Again, this is a question of diversity. If this provision is not included with respect to what constitutes reasonable steps, what options are parents going to have to make informed choices about the range of filtering technologies? This actually requires or identifies particular steps being taken by ISPs to promote differential services. It is interesting that in that first report by the CSIRO the whole notion of differential services was one of the key recommendations. It does go to the point I raised earlier about the importance of having a diversity of options available for the filtering of content for people who choose to go down that path.

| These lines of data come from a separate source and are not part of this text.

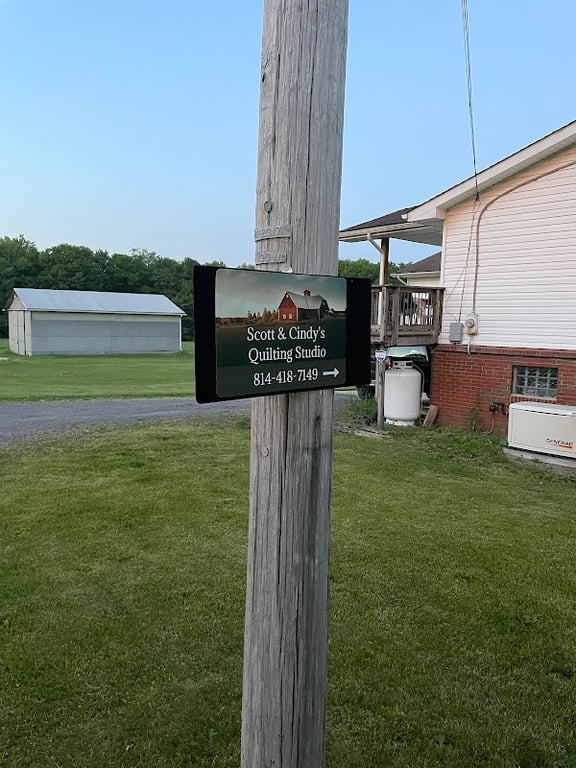 A sign for Scott & Cindy's Quilting Studio is mounted on a wooden post, directing visitors to the studio.
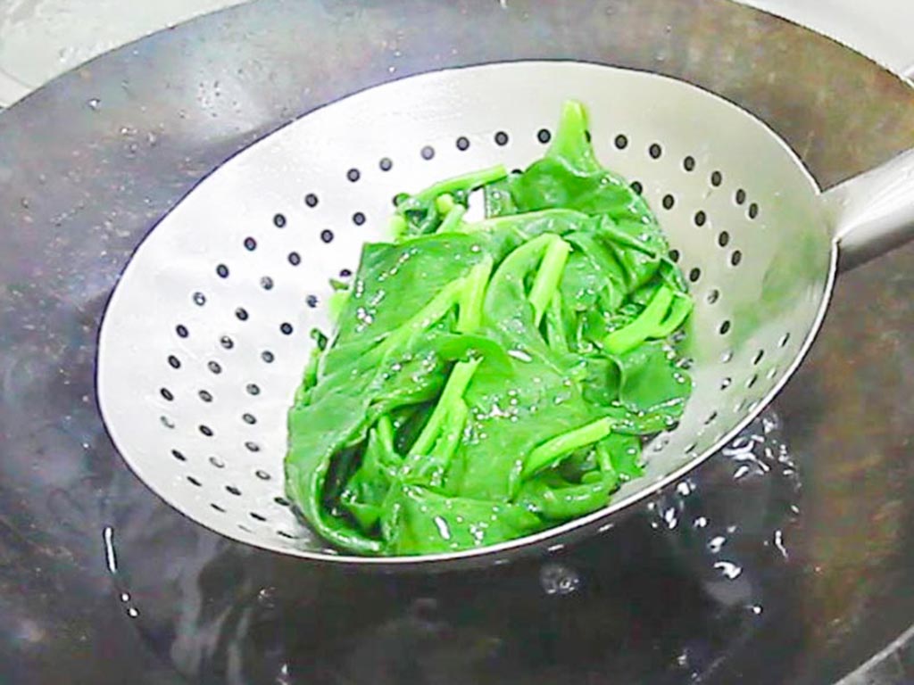 2.锅内烧水,放入一勺植物油和苋菜焯水10秒钟,即可倒出冲凉备用。
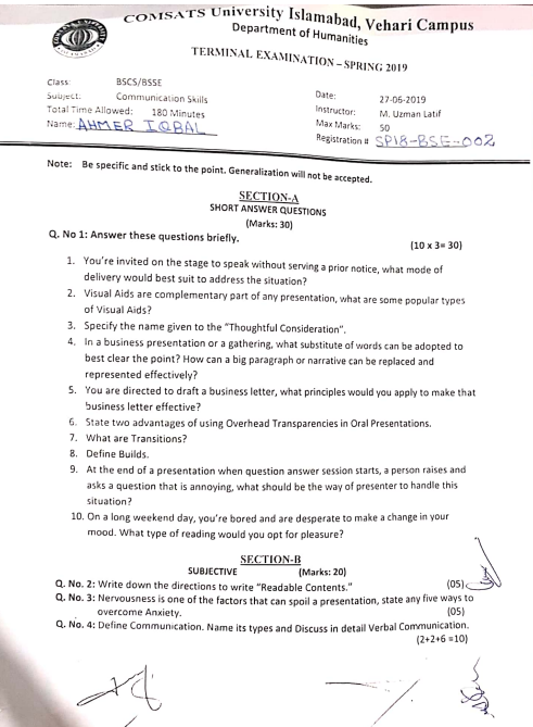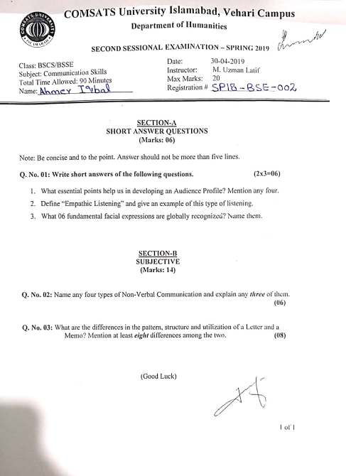 Communication skills Mid term Examination
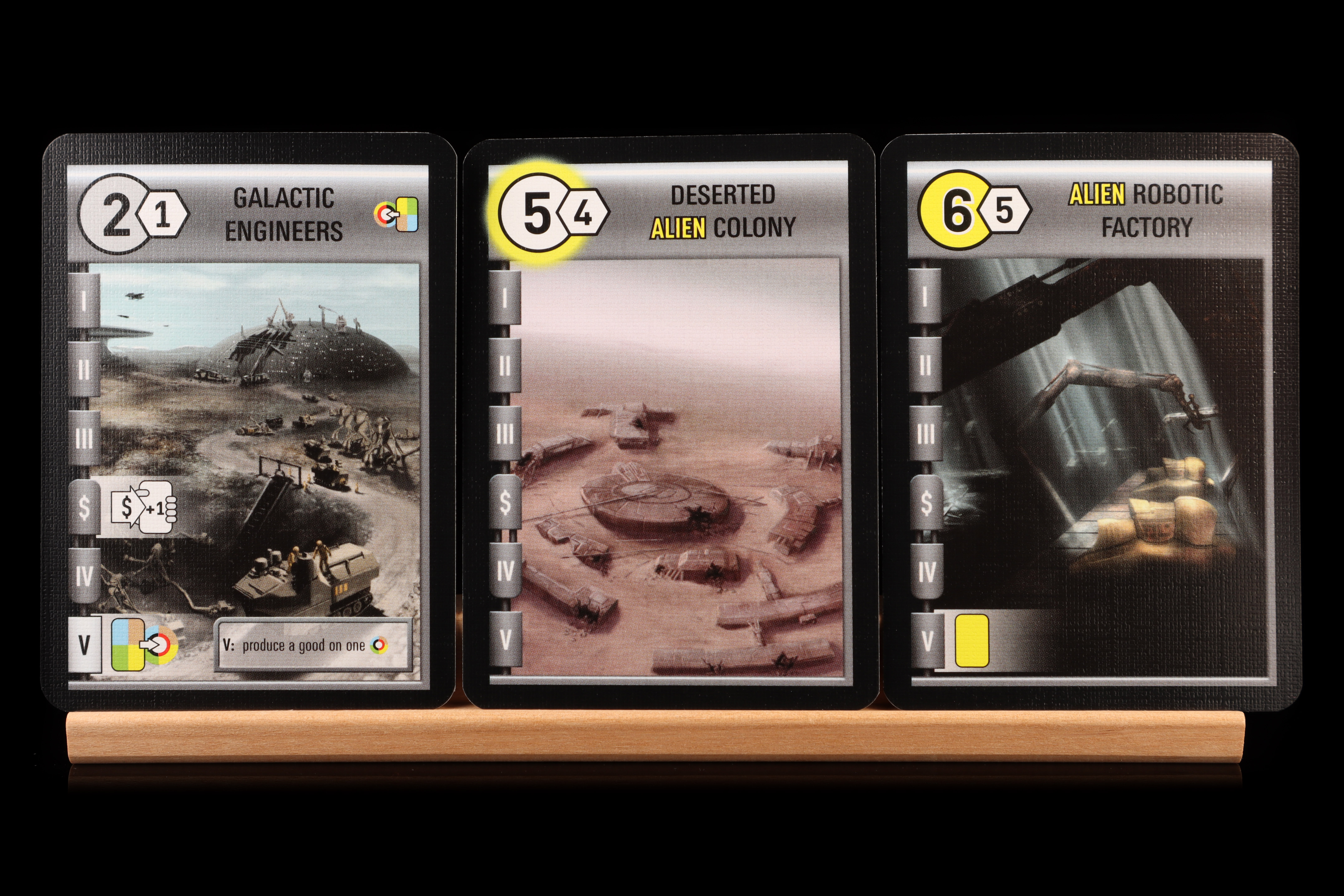 - Bonus Option 1: First, sell a single trade good for cards instead of victory points. The amount of cards you get ranges from 2 cards (for Novelty, blue goods) up to 5 cards (for Alien Technology, yellow goods).
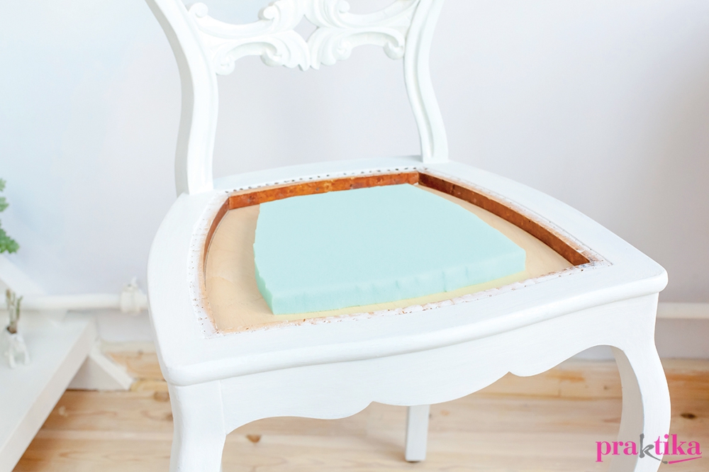 Ahhoz, hogy szép íves formát kapjunk, több szivacsréteget ragasztunk egymásra. 2 cm vastag szivaccsal dolgozunk, mert ezzel könnyű rétegezni. Az első szivacsot a szék ülőfelületének körvonalától 4 cm-rel kisebbre vágjuk és ráragasztjuk a rétegelt lemez alapra, középre. A szivacs ragasztásához csak szivacsragasztót használjunk, amit kárpitos kellék szaküzletekben lehet beszerezni, a többi ragasztó alkalmatlan erre a célra.
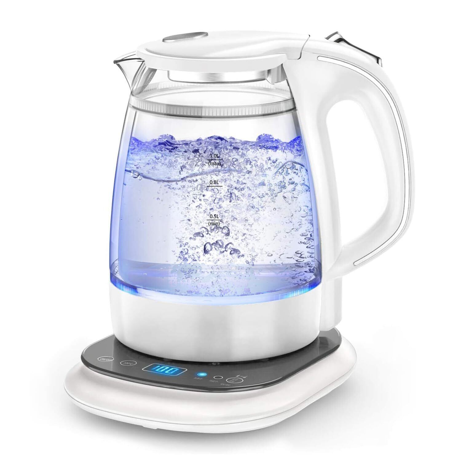 ハゴオギ (HAGOOGI) 電気ケトル ガラス ケトル 【8段階温調&24時間保温】 無臭無害 二重構造 LEDライト付き 火傷防止 自動電源オフ 空焚き防止 触れても熱くない 湯沸かしケトル ポット 電気ポット 耐熱強化ガラス お茶/コーヒー/粉ミルク/お湯/甘酒

It is important that users of the Internet also have a choice not to filter their content. More than anything else, the government's plan lends itself to not allowing Internet users in Australia the option of choosing not to filter their content. I am concerned that, despite this qualification identified in the government's amendment, that option will not be available to some people, perhaps inadvertently because they will sign on with an Internet service provider that offers a filtered feed service and for whatever reason—perhaps lack of awareness or lack of communication by the service provider—people will get a filtered feed in terms of the content they can access and they will not be aware of it. The issue of end user empowerment once again comes to the fore. I believe that only with this additional item contained within our definition of what constitutes reasonable steps are we at least trying to steer this bill back in the right direction and putting the emphasis on end user control of content.